Un très beau film dans la lignée de "L'amour ouf" un des gros carton de l'année avec cette romance "impossible" de deux protagonistes qui n'ont pas grand chose en commun. Lui un peu pataud, pas très beau , sans réel avenir et elle jolie comme un coeur avec l'ambition de partir à Paris faire des études mais l'amour... bien évidement rien n'est simple et le fait d'avoir 3 "histoires" dans le même environnement qui s'entrechoquent donne des évènements aussi bien positif que négatif...félicitations aux 3 "gamins"Kircher/Woreth et El Alami chaperonné par un Lellouche encore une fois très juste.
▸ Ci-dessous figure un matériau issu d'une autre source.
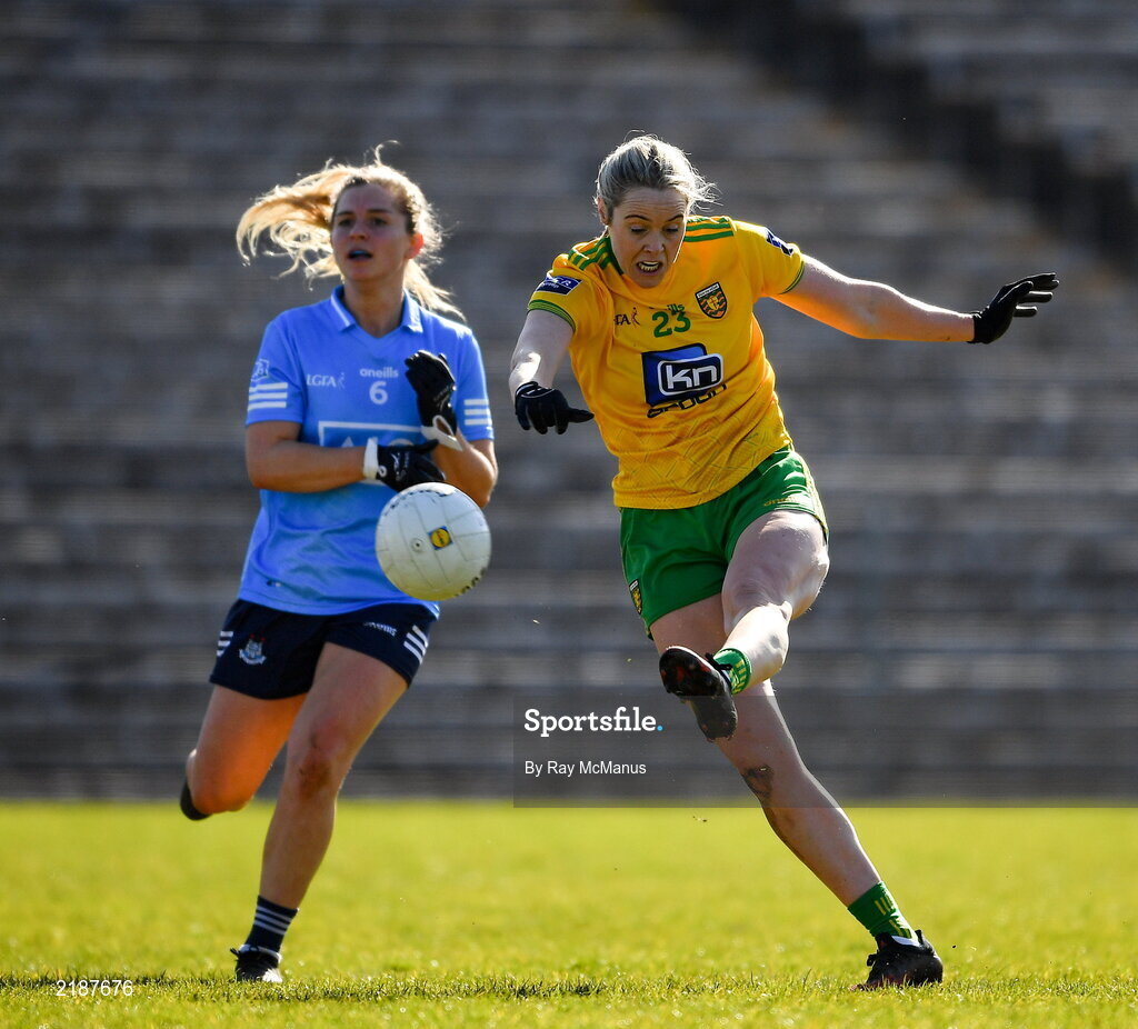 19 March 2022; Yvonne Bonnar of Donegal kicks a point under pressure from Martha Byrne of Dublin during the Lidl Ladies Football National League Division 1 Semi-Final match between Dublin and Donegal at St Tiernach's Park in Clones, Monaghan. Photo by Ray McManus/Sportsfile
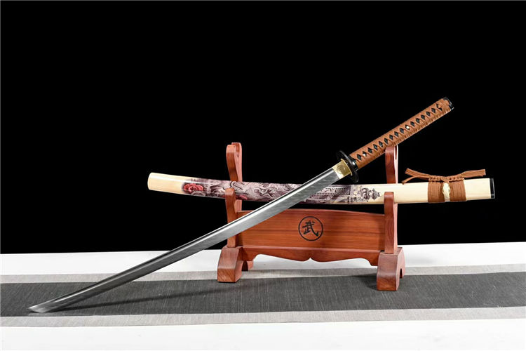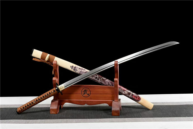 狂龙武士刀 全长:103cm 刃长:71cm 柄长:26cm 刃宽:3.2cm 刀鞘:实木漆鞘彩绘龍武士、搭配精美粗下绪 赠:高端锦盒 钉字纹武士刀《狂龙武士》:性能:手工18道研磨纯锋利,镜面研磨工艺

Une belle histoire et en même temps triste , on espère toujours par moment que certaines scènes les changeront bref j'ai beaucoup aimé. NOTE 8.25/10
J'ai trouvé ce film déprimant du début à la fin...
On comprend que ces régions sinistrées (bassins houliers ou sidérurgiques...) , Nord, Lorraine, etc... ont connu des drames à la suite de ces grandes mutations de la fin du 20ème siècle: chômage, alcoolisme, familles désunies, etc...
Mais il me semble qu'il y a dans ces représentations une sorte de plaisir morbide de ces pauvres gens qui survivent, en somme, beaucoup avec dignité, certains dans la débine. La jeunesse ne pense qu'à se tailler, mais plus facile à dire qu'à réaliser...
Je reconnais la grande justesse de l'interprétation, jeunes et vieux.
Mais c'est tout ! je ne peux pas dire que j'ai aimé cet étalage de tristesse et de malheur...
Très bon film qui nous plonge dans le quotidien d'une région économiquement sinistrée du début des années 90 et d'une jeunesse désœuvrée. Il y a une réelle tension dans ce film et le jeu de ces jeunes acteurs y est authentique. Une fresque sociale à voir portée par une bonne BO.
J’attendais beaucoup de ce film et je ne suis pas ressorti déçu. On y évoque le grand amour, l’ennui, le déterminisme social à travers une fresque en quatre temps. La photo et la musique y sont magnifiques. Une pièce sur le César du meilleur second rôle pour Gilles Lellouche. Et quel bonheur de voir l’éclosion et la confirmation de jeunes talents : Paul Kircher, Louis Memmi ou encore Angelina Woreth.